A Ángel Sáenz-Badillos y Judit Targarona Borrás, maestros inigualables de esta poesía

In his splendid monograph on Shem Tov de Carrión's Proverbios morales, the Hispanist Tom Perry envisions three different types of readers for the fourteenth-century gnomic poem. As a Jewish writer in Christian Spain, Shem Tov was keenly aware of the multiple audiences his work could reach. His verses, Perry argues (The Moral Proverbs 74-85), were interlaced accordingly with intertextual cues to different layers of meaning, subtle allusions that invited as many levels of engagement and of aesthetic response. Readers with a modicum of literary sensibility, who were attentive to choices of language and form, could pick any coherent portion of the Proverbios and tease out an idea or intuition which Shem Tov expresses artistically with his linguistic prime matter: its poetic imagery and verbal play, its phonetic and rhythmic [End Page 183] effects, what Peter Cole memorably describes as the "unparaphrasable weave of the writing . . . the ceremonial equipment of the verse that makes it a poem and not a theme" (Selected Poems 13). A learned reader more attuned to specific cultural referents could also recognize the poetic traditions or sources -especially among other Hispano-Jewish poets and their Arabic counterparts- that Shem Tov refashions to great effect and whose scholarly elucidation teaches us so much about medieval poetic composition.

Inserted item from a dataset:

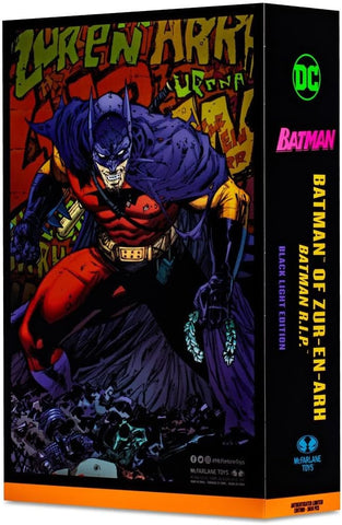 Based on Grant Morrison's intriguing Batman R.I.P. story arc, Batman dons a purple cowl with a brazen red-and-yellow Batsuit. Brash Bruce Wayne makes criminals cower with exclusive black-light deco! The Batman of Zur-En-Arh comes with a baseball bat, a knife, an exclusive card stand, and a detailed display base with two battery-powered black lights. Also included is a collectible art card with a Batman illustration on the front and a certificate of authenticity on the back. Fully articulated, the curiously colorful crime-fighter stands approximately 7-inches tall and comes in deluxe packaging. This DC Multiverse Batman of Zur-En-Arh Black Light Gold Label 7-Inch Scale Action Figure - Exclusive is limited to 3,010 pieces, so order now! Ages 12 and up.

Then there were the most learned among his Castilian Jewish readers and listeners, those steeped in rabbinic learning, who had the Hebrew Bible at their fingertips and could effortlessly summon the Scriptural context of even the slightest hint -a turn of phrase, a fragmentary allusion, even if in Spanish translation rather than in the Hebrew original- to gauge whether or not Shem Tov was trying to tell them something, just them, and, if so, what precisely.

To make his point, Perry parses a well-known passage on the vicissitudes of Fortune (vv. 89-112 in Perry's edition of Shem Tov's Proverbios morales, 11-12; also see stanzas 34-39 in Díaz-Mas and Mota's edition, 127-29), a series of stanzas where Shem Tov belabors three poetic images, two of which can be traced back to an Arabic versified epigram, but all within the frame of a biblical allusion that codifies for fellow Castilian Jews a poignant message of hope behind its somber façade.

It is not my intention to rehearse in full Perry's lovely exercise in Rezeption-forschungen, but to set up my brief laus Petri against the questions it raises. Perry's primary goal in his discussion was, after all, to show how the Jewish poet managed to communicate with a variety of medieval addressees. However, his tripartite taxonomy provides additional food for thought both about Peter Cole's gorgeous translations and about other such efforts to incorporate Hispano-Jewish poetry into the Weltliteratur pantheon.

Modern readers are faced with an interpretive quandary similar to the one Perry imagines for Shem Tov's contemporaries, an issue that I encounter most vividly when I am presenting these materials in comparative literature courses. How does one teach students to appreciate the power and beauty of a medieval Hebrew poem in English translation? How does one convey the [End Page 184] world it evokes, the plurality of readings it may inspire or just what it aims "to be" rather than mean -an appreciation of the poem as poem in Archibald MacLeish's sense- when divorced in translation from its own language, its cultural referents and the specificity of a message for its Jewish recipients at times imbricated in the cento-like texture of its learned biblical allusions and rabbinic quotes. Students who do not know Hebrew encounter these poems once removed from the original, able to engage them just like the first tier of readers envisioned by Perry, based on their appreciation for imagery and form, language and content as far as the translation conveys it and, beyond that, dependent as well on translator notes, scholarly apparatus, professorial glosses and ancillary readings for disparate glimpses...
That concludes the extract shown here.